Indonesian ASR: Fine-Tuning Wav2Vec2

Hi everyone,

I’m planning to fine-tune XLSR-Wav2Vec2 in Indonesian. We have around 9 hours of validated voice data and 17 hours of overall voice data for Indonesian according to Common Voice. Let’s share tips/collaborations here :smiley:


I am running the fine tuning in Colab, it should take around 4 hours and 30 minutes. Let see tomorrow when it is successfully done :slight_smile:
WER after 90 minutes is about 0.48. Don’t know what is a good WER for indonesian ASR.

I’ve finished running the fine tuning with basic hyperparams (based on the Turkish fine-tuning notebook) and got 0.41 for the WER. Will try to tweak them further this weekend.

I’ve only taken a look at the abstract so don’t know yet the details of the dataset & methods they used but one research ANALISIS AKURASI SISTEM PENGENALAN SUARA PADA KALIMAT BAHASA INDONESIA obtained < 0.10 WER

Meanwhile I get 0.419 for the WER after 3600 steps. Thanks for link to the paper, unfortunately I can only read the abstract, title, table of content and its bibliography, but not the content it self. However, it is not possible to compare the WER, if we don’t know the data set they used.

I also finished the fine tuning notebook from the turkish and got 0.410 WER after 3600 steps. Actually, can we add additional data to training data which already augmented by ourselves?

Because I was downloading the test data from Common Voice, and found that the audio data quite noisy. Also, the total of transcripted audio are only 6-7k audio, and still there are 8k audio data that hasn’t been transcripted meanwhile the the total of the audio data is around 15k audio.

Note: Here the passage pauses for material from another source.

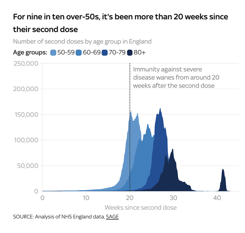 有证据表明,从第2剂疫苗接种后10周左右开始,疫苗对感染和轻症的保护效果就开始下降,老年人和临床脆弱人群对严重疾病的保护效果下降最明显的时期从接种后的第20周左右开始。

Maybe you mean after 3600 steps, which is almost 30 epochs :slight_smile:
I read somewhere that we can use any additional dataset for training as long as we don’t use the test set

Thanks for the correction there :smiley:
Okay, Thank you for the information

Ok here is the discussion about the additional dataset

1 Like

Mind if I write your names @Galuh @cahya into the spreadsheet list of xlsr-fine-tuning-contrinbutors?

feel free to add it. where is the list btw?

@cahya The list is here: xlsr-fine-tuning-contrinbuters - Google Sheets I’ve added your name and my name

By the way, it’s confirmed that we can use additional dataset for training: transformers/ at master · huggingface/transformers · GitHub

Perhaps we can use these additional datasets?

1 Like

That would be great if we could have additional datasets

I’m currently working on collecting closed captions from YouTube. I will post the dataset when its done :smile:

1 Like

Is it legal to collect dataset from youtube? If it’s legal I have several wav files + transcripts of podcast I gathered from youtube

Is there anyone knows how to compare the result of STT with language corpus?
i.e, the result of STT is “saya punya dua rumah” and after compared with corpus resulted with “saya punya 2 rumah”

We can filter by license. But i’ve seen some dataset from YouTube like GitHub - snakers4/open_stt: Open STT

Okay thanks, found how to filter the license

1 Like

I am trying to get asr dataset from BPPT (Data Wicara) mentioned in this journal paper View of Uji Coba Korpus Data Wicara BPPT sebagai Data Latih Sistem Pengenalan Wicara Bahasa Indonesia . The dataset has about 92 hours of audio. It is not available for public at the moment, but it can be requested officially by an institution. Let’s see if I could get it as individual person :slight_smile:

Hopefully they want to share their dataset :smile:

Btw, how about to combine our effort and put the models under an organisation name instead of our individual name? I prepared already an HF organisation: indonesian-nlp (Indonesian NLP). Please feel free to join if you like.